EXERCISE AIM => Retype the material below exactly, from its first line through the line with "Fig 3. 国产PD-1"; the pictures stay out.

DATA BLOCK =>
● ● ● ● ●
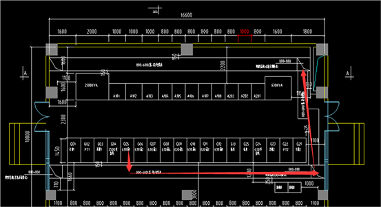 25.高压柜G05~G12至室外1#~8#箱变的电缆路径是否按下箭头所指至配电房东北角预留洞口下地库接高压桥架至室外箱变?
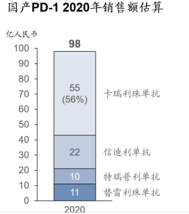 Fig 3. 国产PD-1 2020年销售额估算(Source: 公司年报,国金证券研究所估算)
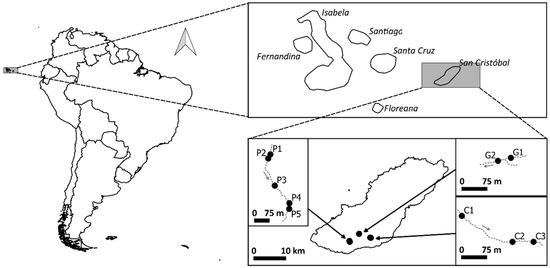 The Galapagos archipelago is about 3 to 5 million years old and consists of 13 major and 7 minor islands, consisting of a land area of about 8000 km² [4,28]. Only four islands are permanently inhabited: San Cristóbal, Santa Cruz, Isabela, and Floreana, with the first being the oldest island and containing the only significant permanent source of fresh water within the archipelago [28]. Additionally, small brooks can be found year-round on San Cristóbal, running from the highlands toward the ocean.
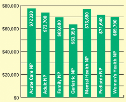 Other factors in addition to experience and education affected earning power. According to one NP who worked in acute patient care, most of her RN colleagues are eligible for night/weekend differentials and time-and-a-half overtime pay. As a salaried NP, she is not eligible for either, and the RNs fare better financially with this arrangement. The 1.4% of NPs who practice in the neonatal specialty earn the highest average annual salary ($79,000), which is approximately $10,000 more than that earned by the majority of NPs in family practice (48.8%).
● ● ● ● ●
EXERCISE ANSWER =>
 25.高压柜G05~G12至室外1#~8#箱变的电缆路径是否按下箭头所指至配电房东北角预留洞口下地库接高压桥架至室外箱变?
 Fig 3. 国产PD-1 2020年销售额估算(Source: 公司年报,国金证券研究所估算)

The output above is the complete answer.